Persönlicher Bezug & Sport
Was ist der Unterschied zwischen Weighted Calisthenics und Streetlifting?
Weighted Calisthenics verkörpert allgemein das Training von Körpergewichtsübungen mit Zusatzgewichten. Dies kann auch bedeuten, dass das Training mehr im Kraftausdauerbereich (Max Reps) bezogen ist.
Unter Streetlifting versteht man in der Community mehr den Sport im 1RM Bereich.
Wie bist du selbst zum Weighted Calisthenics gekommen?
Körpergewichtsübungen (Calisthenics) habe ich schon viele Jahre leidenschaftlich trainiert. Dennoch wollte ich eine neue Herausforderung und habe deshalb nach Wettkämpfen gesucht.
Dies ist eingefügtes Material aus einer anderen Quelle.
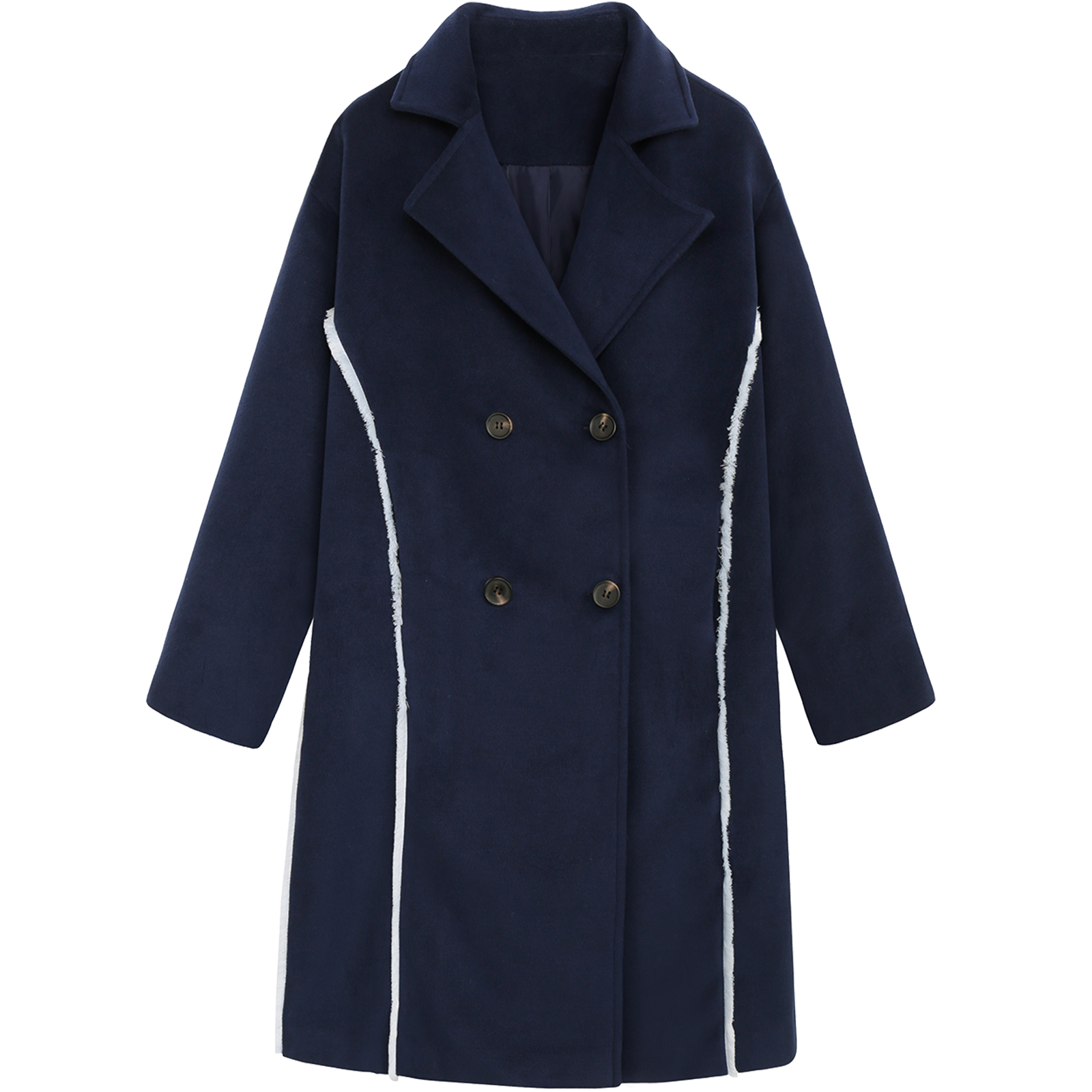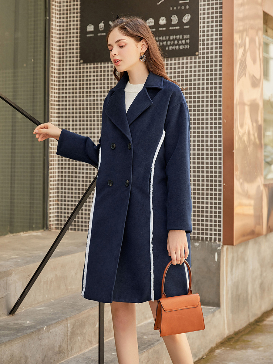 MG小象復古呢子大衣女中長款雙排扣秋冬新款寬松個性開叉毛呢外套

So bin ich auf die Wettkämpfe im Weighted Calisthenics / Streetlifting gestoßen, die der DCSV – bei dem ich inzwischen ehrenamtlich tätig bin – ausrichtet. Zudem habe ich als Sportstudent auch ein Interesse am Powerlifting entwickelt. Streetlifting ist für mich die ideale Verbindung aus Calisthenics und Powerlifting im 1RM-Bereich, was diesen Sport besonders reizvoll macht.
Welche Tipps hast du für Einsteiger im Weighted Calisthenics?
Meine Empfehlungen für Neueinsteiger/innen lauten:
Qualität vor Quantität: Da der Sport mit sehr hoher Intensität betrieben wird, sollte die saubere Technik immer Priorität haben.
Trainer/innen als Gamechanger: Eine erfahrene und kompetente Begleitung hilft enorm, die korrekte Technik zu erlernen und Verletzungen zu vermeiden.
Ausdauer statt Maximalkraft: Auch wenn der Sport auf einer einzelnen maximalen Wiederholung basiert, ist es dennoch ein Marathon. Geduld, Durchhaltevermögen und die Bereitschaft, auch aus Rückschlägen zu lernen, sind entscheidend. Ein schlechter Wettkampf oder eine schwierige Trainingseinheit definiert nicht die eigene Leistungsfähigkeit. Viel wichtiger sind der Spaß am Sport, die Leidenschaft und der langfristige Fokus.